**Directions for this task**
Below is a listing; transcribe it exactly but without any images.

**Supplied data**
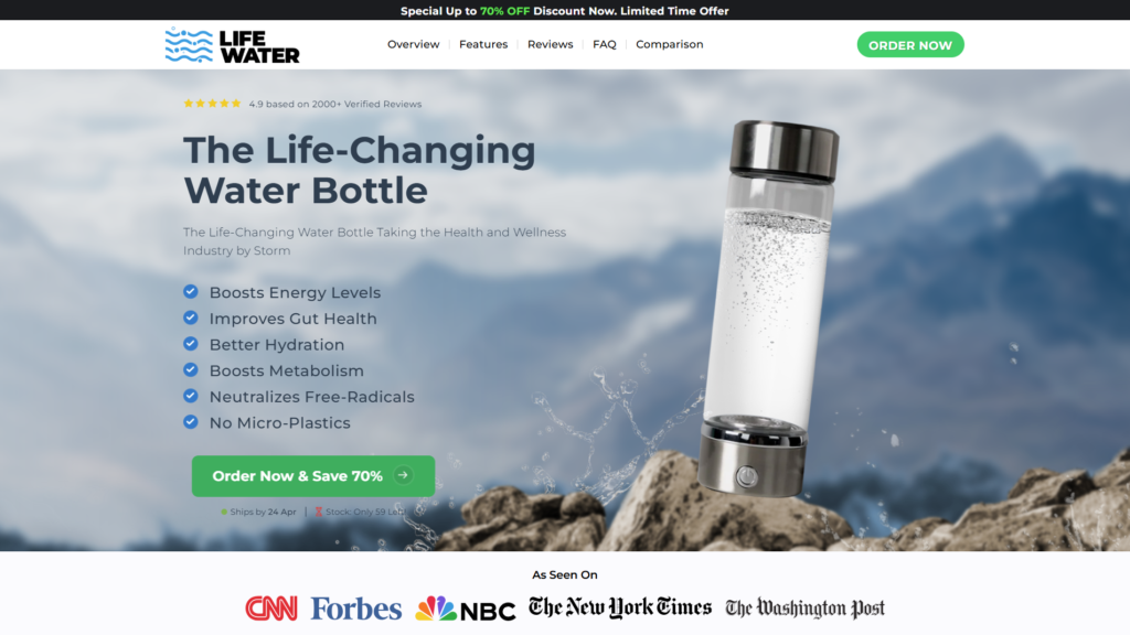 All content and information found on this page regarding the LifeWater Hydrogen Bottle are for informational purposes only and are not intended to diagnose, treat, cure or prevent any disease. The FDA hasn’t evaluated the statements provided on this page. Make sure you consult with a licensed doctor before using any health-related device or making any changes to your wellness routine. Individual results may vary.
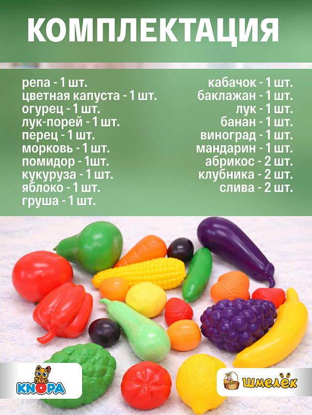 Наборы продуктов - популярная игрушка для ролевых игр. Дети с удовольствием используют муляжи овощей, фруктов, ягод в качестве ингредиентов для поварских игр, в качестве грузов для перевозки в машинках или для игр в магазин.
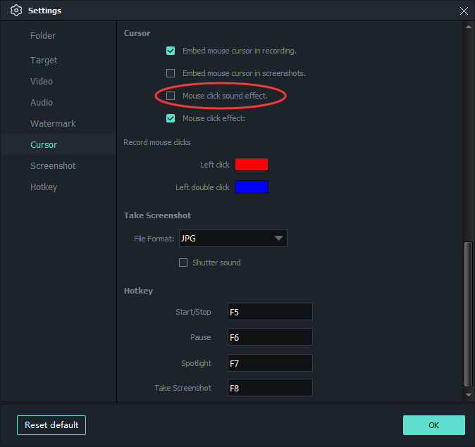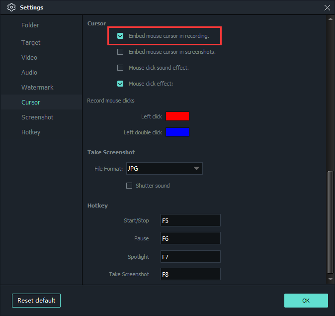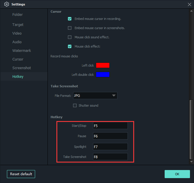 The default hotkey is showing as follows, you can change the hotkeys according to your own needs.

**Answer section**
 All content and information found on this page regarding the LifeWater Hydrogen Bottle are for informational purposes only and are not intended to diagnose, treat, cure or prevent any disease. The FDA hasn’t evaluated the statements provided on this page. Make sure you consult with a licensed doctor before using any health-related device or making any changes to your wellness routine. Individual results may vary.
 Наборы продуктов - популярная игрушка для ролевых игр. Дети с удовольствием используют муляжи овощей, фруктов, ягод в качестве ингредиентов для поварских игр, в качестве грузов для перевозки в машинках или для игр в магазин.
 The default hotkey is showing as follows, you can change the hotkeys according to your own needs.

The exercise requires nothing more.